In my personal choices, how do I know what is right or wrong? Chapter 2.
The drama of our human existence encompasses interlocking spheres of belief and behavior: the religious sphere, the moral sphere, and the prudential (political) sphere. Today, after seeing the Religious sphere, we will see the different set-ups regarding the Moral sphere.
The Moral Sphere: Identify the source and specific principles that direct and determine your sense of right and wrong. It is the answer to the question, Are there evil acts, not atoned for or repented, that would threaten the possession and enjoyment of eternal life for me?
The CATHOLIC MORAL SPHERE derives from Jesus and His Church. The Church invokes the Scriptures and the words of Jesus to formulate the precepts of natural law, clustered around the Ten Commandments, and applies them to specific situations. The moral principles help us understand and define what acts are intrinsically good and what actions are evil. A person facing eternity with a single mortal sin not atoned for or repented, could end in condemnation at death. The moral law (except for Catholic merely disciplinary laws such as fasting) applies to everyone, Catholic and non-Catholic alike. For instance, Catholics believe that adultery is wrong for Catholics and non-Catholics alike.

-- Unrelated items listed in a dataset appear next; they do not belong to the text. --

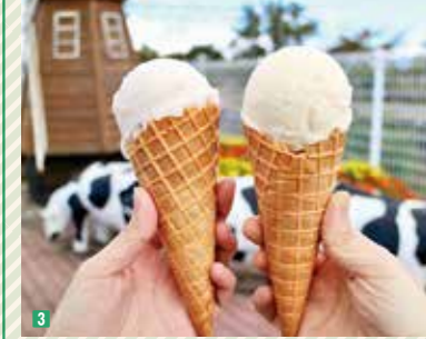
3 かがみいしジェラート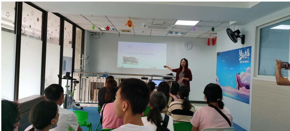
家长们在进行学习

家长在与心智障碍孩子相处过程中，如果不懂相关知识和技巧，往往很难理解他们的思维方式从而感到低效又挫败。为此，佛山智协特意邀请广州星之望特教俱乐部的心理老师，为家长们开设“如何跟特殊孩子相处与沟通”主题讲座，讲授与特殊孩子的相处之道，还为家长们传授缓解紧张、焦虑的方式和有效的减压方法。心理老师还根据孩子的填色画作，分析他们自身的性格与优缺点，有针对性地提供应对方式。讲解结束后，家长们纷纷提出各自的问题，心理老师皆作出分析和引导。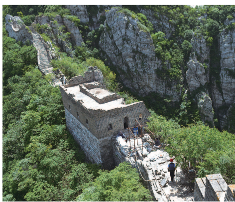
北京市怀柔区箭扣长城修缮工程三期施工现场

此外,今年怀柔区还将完成四处长城点段的抢险工程,从多方面做好长城管护工作。同时,还将通过数字化工程、创编怀柔明长城纪录片等方式,进一步做好长城文化带建设工作。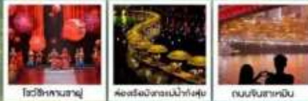
โชนซึหาคานซาญู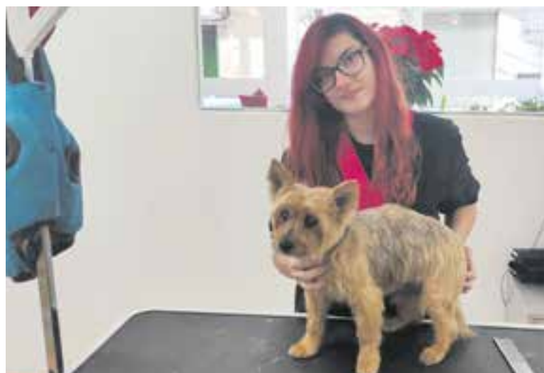
Yada s'inaugurarà el 14 de desembre, i es troba al c. Lleida, 23.

A més de perruqueria, l'espai (carrer Lleida, 23) també oferirà un servei de guarderia i botiga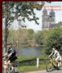
magdeburg radelnd erobern route 1

Magdeburg an der Elbe mit dem Fahrrad entdecken www.magdeburg-radelnd-erobern.de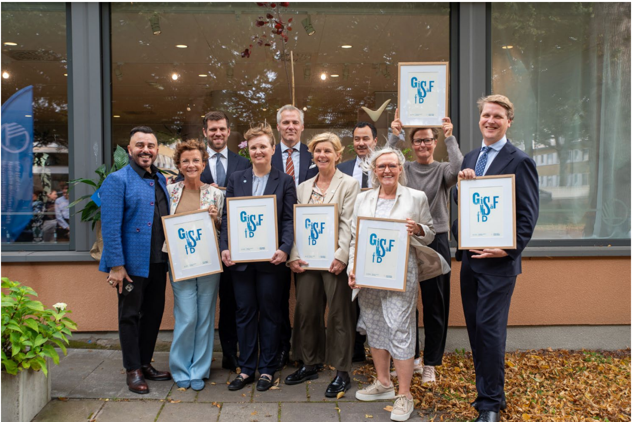
(Nordens institut firade 40 år den 11 september. Här med representanter från de nordiska regeringarna, Nordiska ministerrådets generalsekreterare och institutets direktör.)

Nordens institut på Åland – NIPÅ - är en kulturinstitution under Nordiska ministerrådet med uppdrag att stödja, stimulera och utveckla kulturlivet genom att: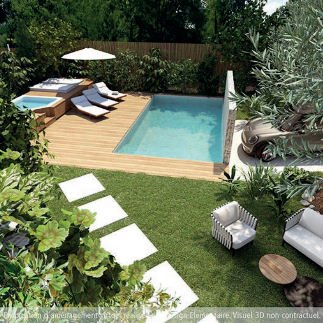
Proposition d'aménagement virtuel réalisée par Design Elementaire. Visuel 3D non contractuel.

Honoraires : compris à la charge de l'acquéreur de 5% (640.000 € hors honoraires)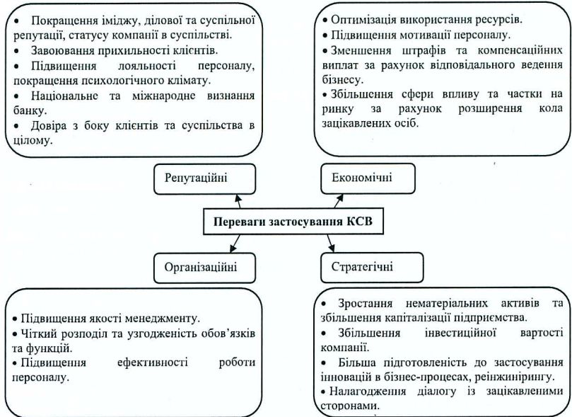
Рисунок 9.3. Переваги застосування концепції корпоративної соціальної відповідальності суб'єктами господарювання в Україні

Варто зазначити, що представлені на рис. 9.3 переваги, які надає КСВ, є орієнтовними та узагальненими для всіх суб'єктів господарювання. Важливо враховувати специфіку та сферу діяльності компанії, коло зацікавлених сторін, а також стан регіону, в якому функціонує підприємство.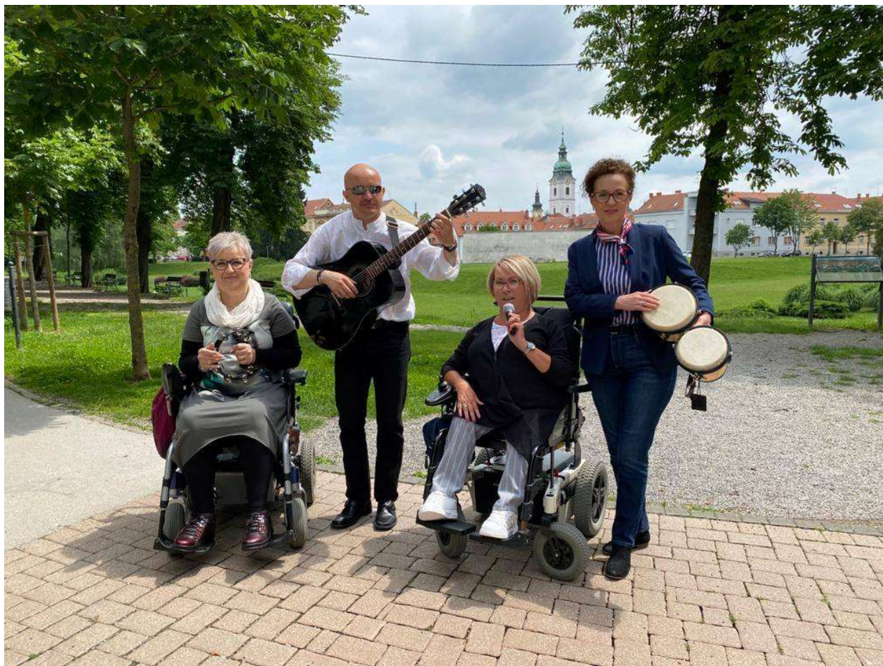
Glazbeni sastav osoba s invaliditetom „Sjaj u tami“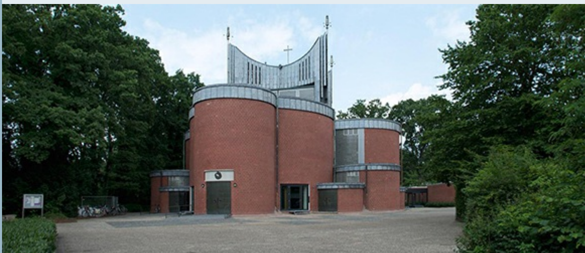
Die ehemalige St. Johanneskirche nach der Umnutzung zum Gemeindezentrum.

Vorträge unserer Expertinnen und Experten

The fact of the Incarnation—God became Man and, thus, He reconciled man with Himself—is essential to our understanding of Catholic morality. The articles of Faith and morals are reasonable, not merely unpredictably determined.
The Catholic religion and authentic science are perfectly compatible. God commands us through the Church to do good and avoid evil, love God and neighbor. God is infinitely good and cannot desire evil.
Freedom makes man a moral subject. To accomplish a good act, man makes use of his freedom to pursue an authentic good. A good moral option must not be measured only by the good intentions of the subject.
We are free to choose what we are to do, but we are not free to make what we have chosen good or evil, right or wrong. Our choices are good or bad insofar as they conform to God’s divine and eternal law and its “imperatives,” which are made known to us through the mediation of the conscience. Conscience is the judgment of the intellect on the goodness or evil of an act performed or about to be performed.
The TRADITIONAL PROTESTANT MORAL SPHERE refers solely to the Bible to distinguish right from wrong. We are saved by faith, not works (understood as moral behavior). Protestant theologians reject so-called man-made doctrines (even as they move forward with non-Scriptural doctrines such as salvation by faith alone). Talk of “intrinsically evil acts” is rare to non-existent. Hence, traditional Protestants cannot point to specific intrinsically evil acts, not atoned for or forgiven, that would lead to condemnation. For them, Faith and reason, or religion and science, need not always agree. God, in His infinite majesty, can even command evil as such.
In the ATHEIST MORAL SPHERE, the first principle is: We live, we seek happiness in whatever form we please, then we die. That’s it.